The issue I was having with the cursor was with the cursor moving functions, it seemed to obey the up and down functions but trying to move to the right didn't do anything at all.

That's really odd, what functions were you using? It should just be giving info to the terminal's API and letting that handle what it does, so I don't see why it wouldn't work. Then again, we are interfacing with terminals: things rarely work properly.

leftbones commented 2 years ago

That's really odd, what functions were you using? It should just be giving info to the terminal's API and letting that handle what it does, so I don't see why it wouldn't work. Then again, we are interfacing with terminals: things rarely work properly.

In this instance, I was just using the functions included in ansi_interface, I don't think I saved the code but it was something like...

import pytermgui  as ptg

ptg.set_alt_buffer()

while True:
    key == ptg.getch()

    if key == 'h': ptg.cursor_left()
    elif key == 'j': ptg.cursor_down()
    elif key == 'k': ptg.cursor_up()
    elif key == 'l': ptg.cursor_right()
    elif key == '\x1b': break

ptg.unset_alt_buffer()

That was just off the top of my head, it might not actually run, I can't test it at the moment. But basically it would allow me to move the cursor up and down (while doing some awful flickering, likely from redrawing the screen or something) but attempting to move to the left and right did nothing at all.

At one point I also added in ptg.print_to((0, 0), ptg.report_cursor()) to see if anything was happening behind the scenes, and it was not at all what I expected. When moving to the right, for example, the cursor POSITION did move (as reported by report_cursor() but visually, it was stuck on the leftmost column.

My best guess without diving into the code is that the screen is redrawn after each one of these moves, which results in the cursor being placed wherever the last print happened to end. I tried using save_cursor() and restore_cursor() to no avail, I also tried doing the same thing manually by storing the return value of report_cursor() in a variable, then using move_cursor() at the end of the loop to restore it, but that didn't work.

This low level stuff can get really finicky, unfortunately.

bczsalba commented 2 years ago

Not sure what your code was exactly, but this works on my terminal (Kitty):

import pytermgui as ptg

ptg.set_alt_buffer()

while True:
    key = ptg.getch()

    if key == "h":
        ptg.cursor_left()
    elif key == "j":
        ptg.cursor_down()
    elif key == "k":
        ptg.cursor_up()
    elif key == "l":
        ptg.cursor_right()
    elif key == "\x1b":
        break

    ptg.terminal.flush()

ptg.unset_alt_buffer()

Note the call to terminal.flush() (which basically just calls sys.stdout.flush()).
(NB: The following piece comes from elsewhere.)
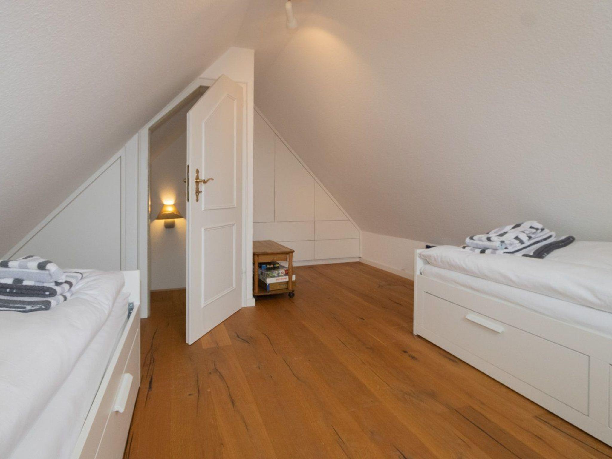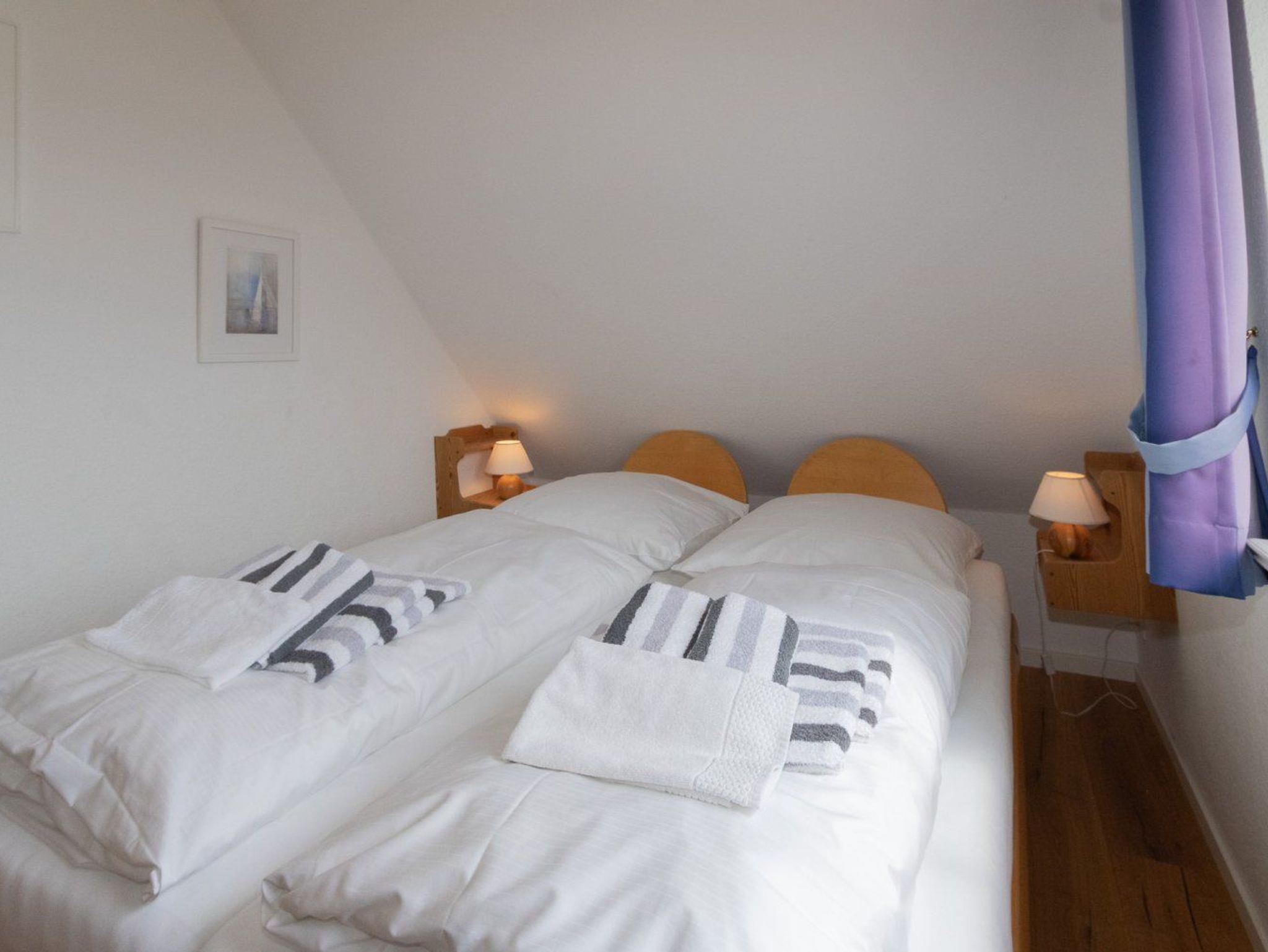 Die Ferienwohnung ist hell und modern eingerichtet und bietet mit seinen 2 Schlafzimmern Platz für bis zu 4 Personen. Ein Schlafzimmer ist mit einem Doppelbett (1.OG) und das 2.Schlafzimmer mit 2 Einzelbetten ausgestattet. Vom Wohnzimmer aus haben Sie direkten Zugang zum Süd - Balkon um herrlich die Sonne genießen zu können

Without that nothing happens, as by default these functions don't flush the buffer.

Could you try the code above and see what happens? If it still doesn't work we can open a new issue to discuss it, but I think this issue is done for the moment.

leftbones commented 2 years ago

Noe the call to terminal.flush()

Well don't I feel silly! That's kind of an important thing I completely omitted! Perhaps PTG will work out for my project after all...

bczsalba commented 2 years ago

Honestly, I'm still not sure what the issue you faced was, as AFAIK running without flushing should just cause nothing to happen. May be terminal specific, not sure.

leftbones commented 2 years ago

Yeah, I'm not sure anymore, I wasn't able to reproduce it again. I might have been calling print_to() every update which would have messed things up for sure.

Is there an intended method of adding text to the screen? At the low level, print_to() seems to get the job done fine, but what about at a higher level? As far as adding text to an existing window goes, I haven't quite found the best way.

bczsalba commented 2 years ago

I like to use either terminal.write(pos=...), terminal.print(pos=...) or cursor_at, depending on the usecase. There are currently a lot of printing functions in the library for some reason, but they will be consolidated in the future.

leftbones commented 2 years ago

Ah yeah I had tried those previously but I believe I was also redrawing the windows every update so the prints were ending up underneath the windows. Thanks!